Items from a dataset:
^^^^

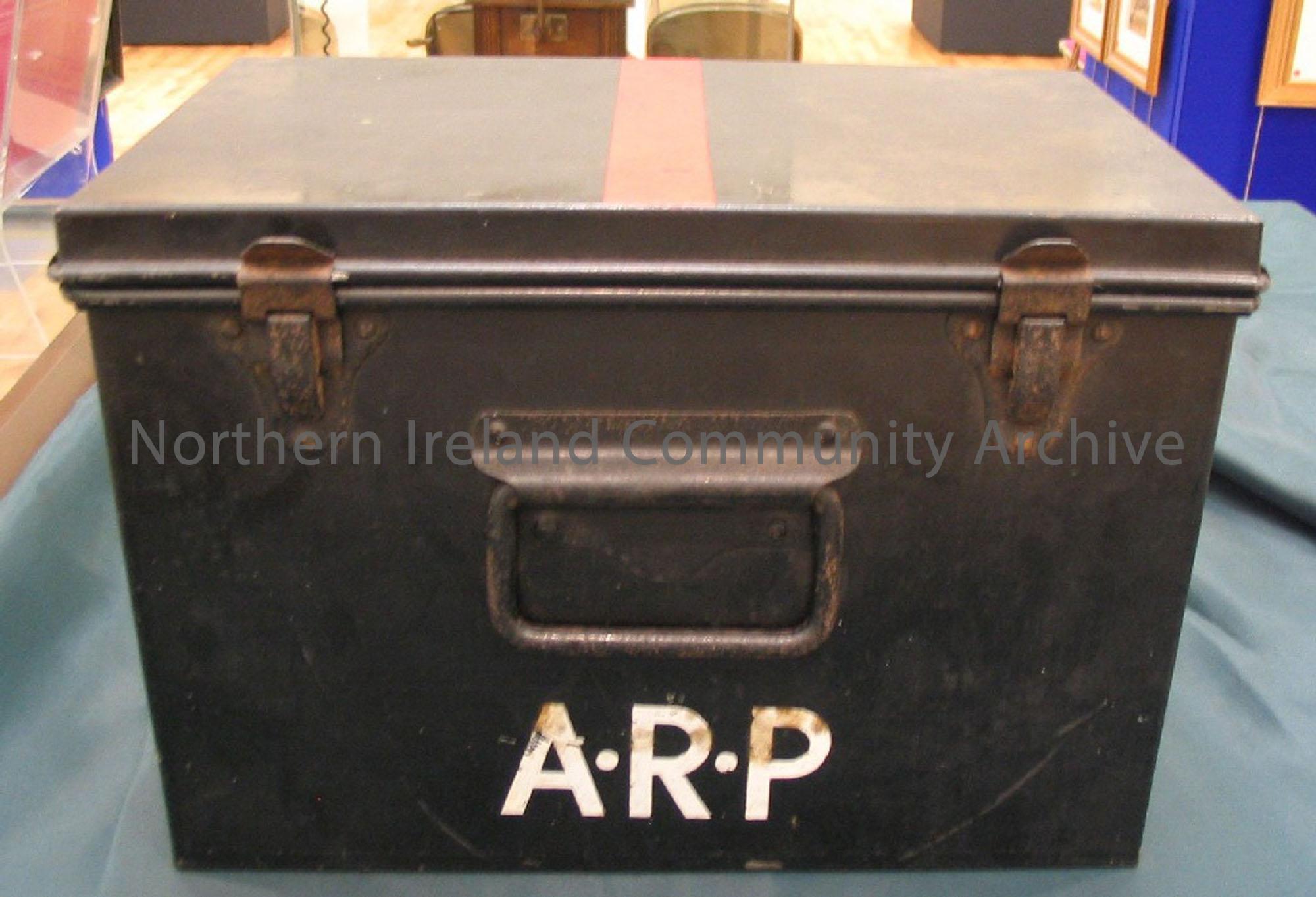 Air raid precaution equipment box. Box with hinged lid on top, coloured black with a red stripe on the lid and ARP written on side.
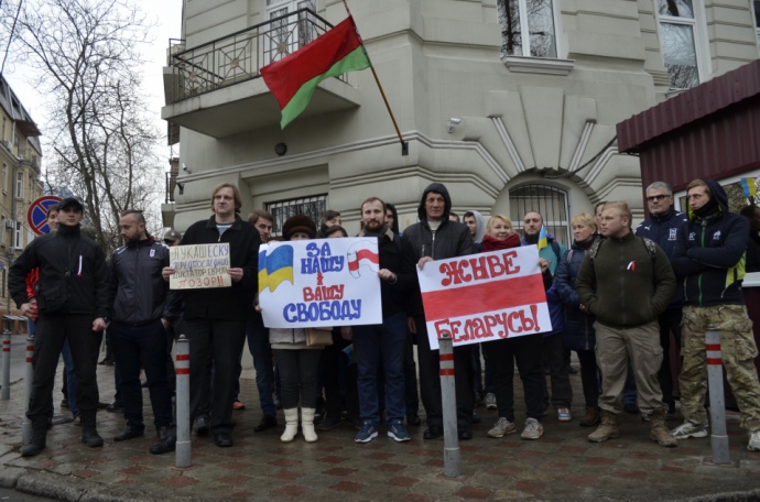 В частности, как сообщает Укринформ, в акции под консульством Беларуси в Одессе в поддержку участников Дня Воли в Минске собралось около трех десятков одесских общественных активистов с плакатами. В 18:00, развернув плакаты, активисты стали под окнами консульства, перекрыв центральный вход, который охранялся нарядами полиции и Нацгвардии.
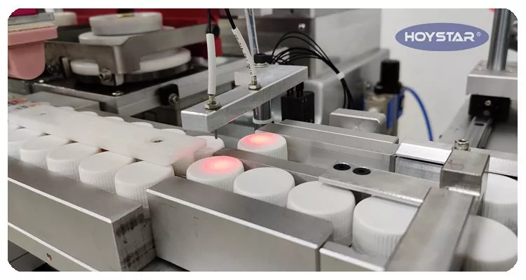 Құрылғы бөтелке қақпағының беттерінде сияның адгезиясын күшейтіп, басып шығару беріктігін арттыру үшін жалынмен өңдеу жүйесімен конфигурацияланған.
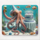 Um polvo vestindo uma festa que segura uma cerveja e se senta ao lado de um bolo de aniversário debaixo d'água.
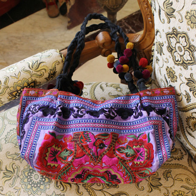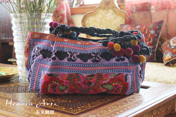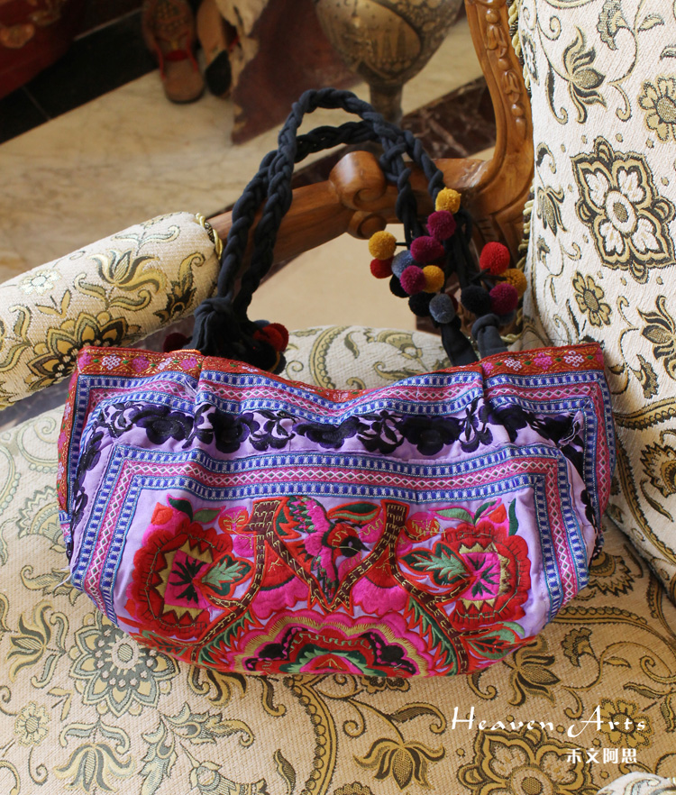 手工绣花真皮手提挎包38.5*44cm
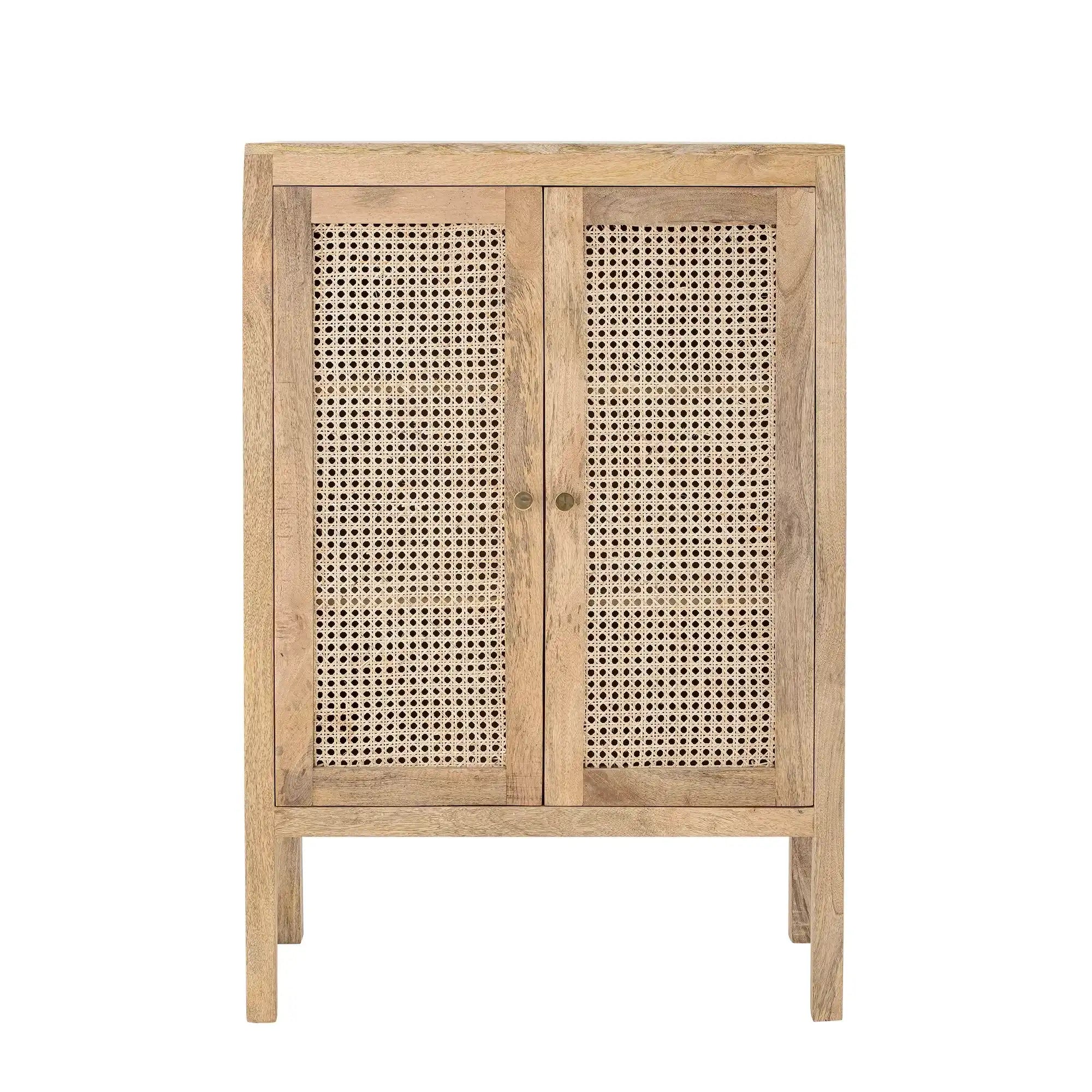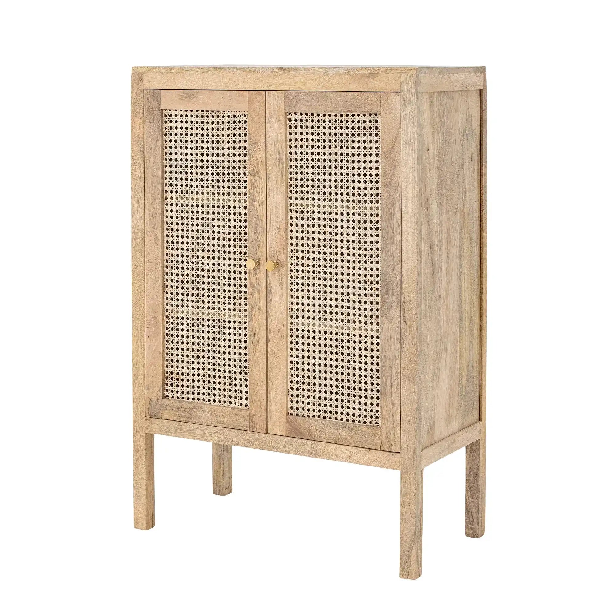 Details & materiaal: Met afmetingen b × h × d 30 × 105 × 75 cm biedt de kast een aangename hoogte en een bescheiden frontbreedte. Hij is uitgevoerd in FSC®Mix-mangohout en afgewerkt in een rustige beige/naturel tint die moeiteloos combineert. De deurpanelen met rietvlechtwerk geven het geheel lucht en diepte, terwijl de handgrepen in een messingfinish het strakke ontwerp elegant afronden. Deze materiaalmix houdt het meubel visueel licht, maar laat het toch solide en hoogwaardig aanvoelen. Bovendien kies je met FSC®Mix bewust voor hout uit verantwoord beheerde bronnen—een fijne gedachte bij een meubel dat lang mee mag.
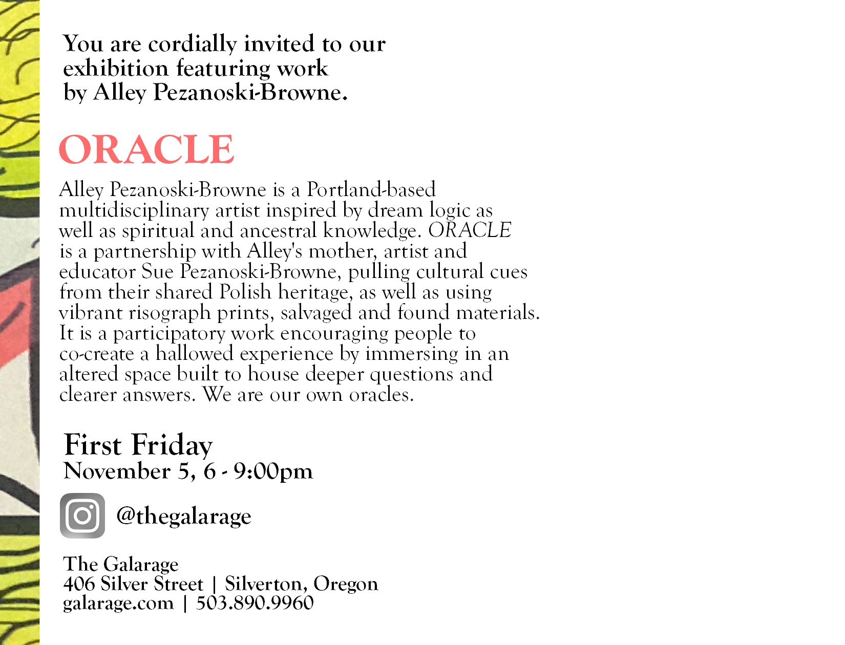 Previous Image Next Image 2021 alley exhibition postcard back-1 Back of postcard for ORACLE installation at The Galarage Like Loading...
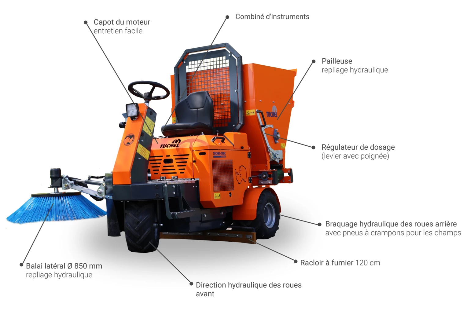 Le Tuchel-Trac FarmXpert : le véhicule 3 en 1 idéal pour les exploitations laitières, qui réduit les tâches manuelles lourdes et chronophages et soulage le personnel. Nettoyer les logettes, les pailler, nettoyer les fosses, le tout en une seule opération.

^^^^

#### Activity
Each line from the one with "Құрылғы бөтелке қақпағының" through the end of the entries should be reproduced exactly. Leave out the pictures.

#### Answer to this task
 Құрылғы бөтелке қақпағының беттерінде сияның адгезиясын күшейтіп, басып шығару беріктігін арттыру үшін жалынмен өңдеу жүйесімен конфигурацияланған.
 Um polvo vestindo uma festa que segura uma cerveja e se senta ao lado de um bolo de aniversário debaixo d'água.
 手工绣花真皮手提挎包38.5*44cm
 Details & materiaal: Met afmetingen b × h × d 30 × 105 × 75 cm biedt de kast een aangename hoogte en een bescheiden frontbreedte. Hij is uitgevoerd in FSC®Mix-mangohout en afgewerkt in een rustige beige/naturel tint die moeiteloos combineert. De deurpanelen met rietvlechtwerk geven het geheel lucht en diepte, terwijl de handgrepen in een messingfinish het strakke ontwerp elegant afronden. Deze materiaalmix houdt het meubel visueel licht, maar laat het toch solide en hoogwaardig aanvoelen. Bovendien kies je met FSC®Mix bewust voor hout uit verantwoord beheerde bronnen—een fijne gedachte bij een meubel dat lang mee mag.
 Previous Image Next Image 2021 alley exhibition postcard back-1 Back of postcard for ORACLE installation at The Galarage Like Loading...
 Le Tuchel-Trac FarmXpert : le véhicule 3 en 1 idéal pour les exploitations laitières, qui réduit les tâches manuelles lourdes et chronophages et soulage le personnel. Nettoyer les logettes, les pailler, nettoyer les fosses, le tout en une seule opération.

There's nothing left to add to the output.